The bivvies were soon erected and following a wash and clean down we headed to the nearest pub, The Railway, (01785 760289), for a few pints and to continue the conversations.
During the journey to the pub a major decision was made between Stu and I (confession time for the benefit of those that were there ). The frost was starting to settle already and it looked like a harsh, cold night was to be had; knowing that we would have had to drive back to base and being honest and law-abiding citizens, one of us would have had to limit our drinking so we decided to check the rates for the rooms in the pub and if reasonable, we would make a night of it and head back in the morning, honest!
At 16.00 each, including breakfast and central heating it wasn't to be scoffed at so the car was parked up for the night and to the bar we went. The one thing about Fish-ins is the company that you meet. Anglers arrive from all over and in true form, it's not long before acquaintances are made and  you are surrounded by new friends. The conversations ranged from the fishing, the weather, the web, life in general, the Afghanistan situation, you name it we just about covered it. 
Even re-enacting the war of the roses with Dave from the wrong side of the Pennines .

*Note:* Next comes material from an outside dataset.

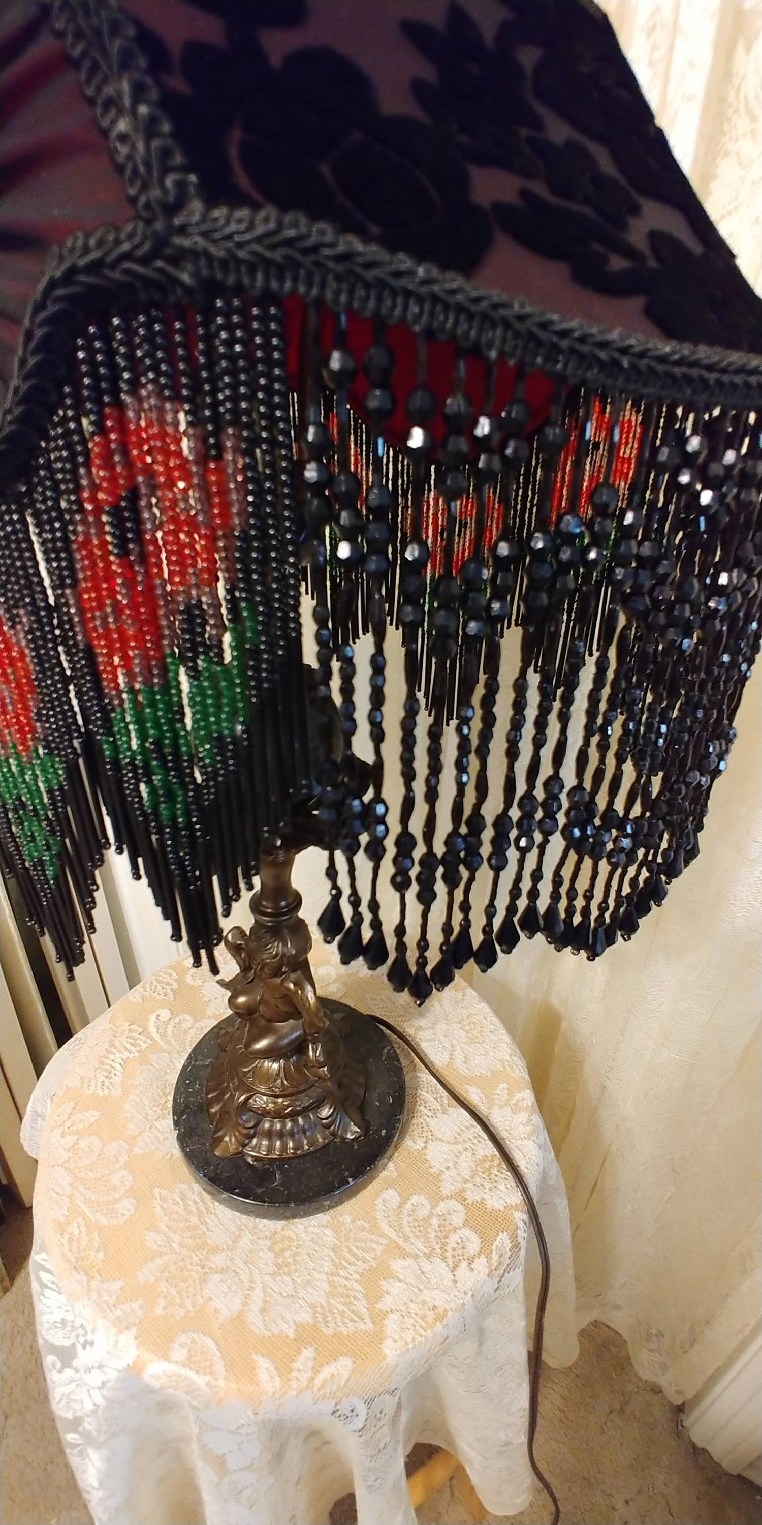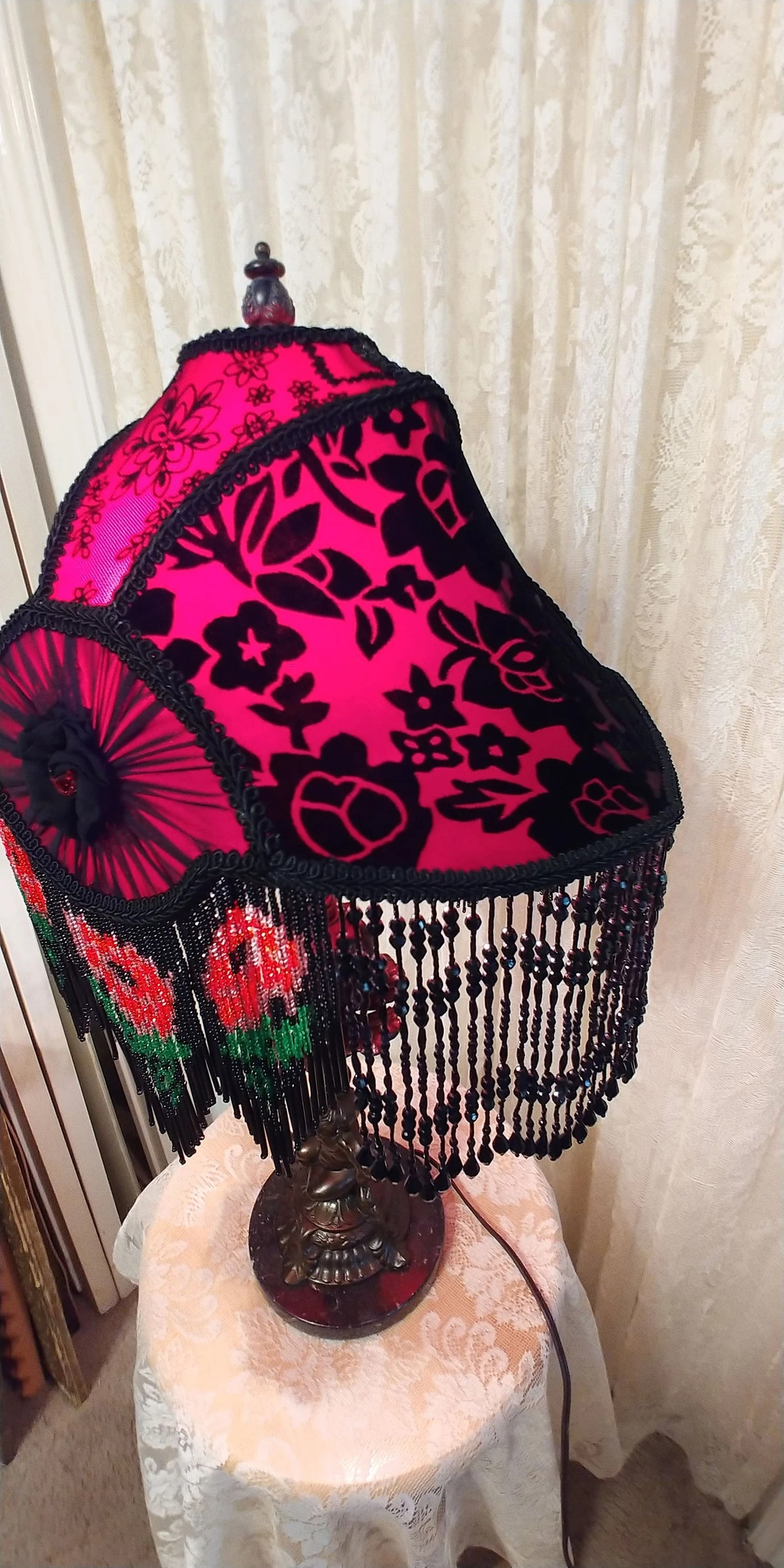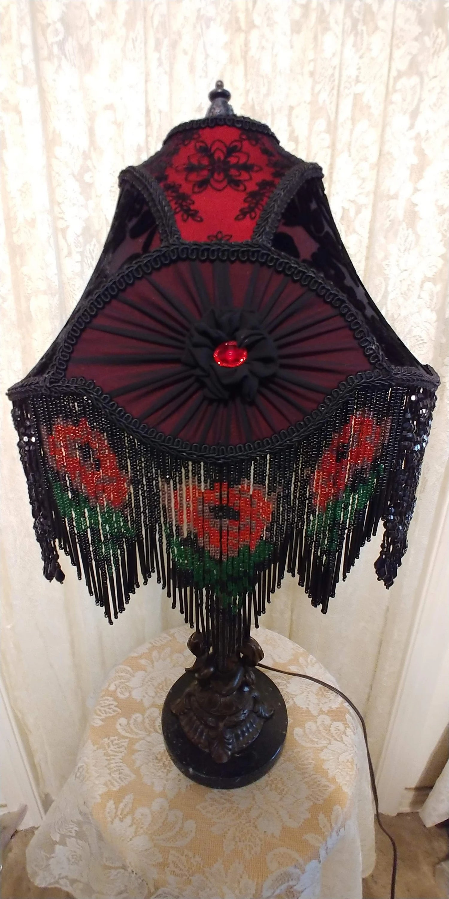 Gothic Style 23" black accent Marble on Vintage Lamp base, with Crimson & Black Silk Velvet Floral design Lampshade, with Black Rosettes and Crimson rosette center to compliment the 6" long Glass bead Flower Fringe centered with 5" compliment Jet Black Bead fringe sides. Black Burned-out Velvet Side Panels. Truly One of a Kind!

The following morning, boy were we glad we stayed in the pub. The frost had lain with a vengeance and it was freezing outside. It was 7.00am and we were met with the landlady's finest breakfast.
Following which we headed back to the fishery to meet up with the rest.

Back down to the bottom lake which by now was starting to fill up with fisherman and we returned to the swims that we had left the day before. A change in tactics was called for. I decided to fish on the side of a ledge, some 3feet from the island in front of me with free running method feeders and 6inch hooklengths, where the previous day I had launched the groundbait. The business ends were size 10 ESP Raptor hooks with hairs that were threaded through 3 pieces of sweetcorn before being looped back onto the hooks creating a mini bunch of corn but leaving the hooks clear. The groundbait was a 'home made' mix consisting of 1part brown crumb, 1 part white crumb, 1 part red crumb, 1 part fishmeal, laced with a good few handfuls of hemp, crushed maize and micro carp pellets. A mix that I have used many a time with some very good results.
The feeders were cast across, placed on the pod and I waited. I didn't have to wait for long, the left buzzer screamed and a Carp around 7lbs came in. A re-cast, tighten the line and the rod nearly got pulled out of my hand as away it went again. This time a nice common around 5lb.
The angler to my left was playing in a Chub when suddenly my right rod flew into life again resulting in a common. Three fish in the first hour, things were looking up.

It went quiet understandably for a while, I wound both rods in, re-baited and recast. Just settling onto my box, the left buzzer again screamed. This time a mirror again in the 5lb range. No sooner had I got it into the landing net when my other buzzer screamed out. Releasing the fish, I grabbed the rod from it's rest and wrestled with another mirror of similar size. Releasing that one, I re-baited the first rod, cast in, tightened the line and reached for my second rod. The first one virtually jumped out of the pod. A third Carp in as many casts and within ten minutes was soon to be in the net. This was to be getting hard work, but enjoyable.

Pictures courtesy of Peter Morton
Altogether in the 4 hours that I fished, I landed 12 Carp 
between 3-7lb and lost 3 others, not bad for a freezing 
December day and one that won't be forgotten in a hurry.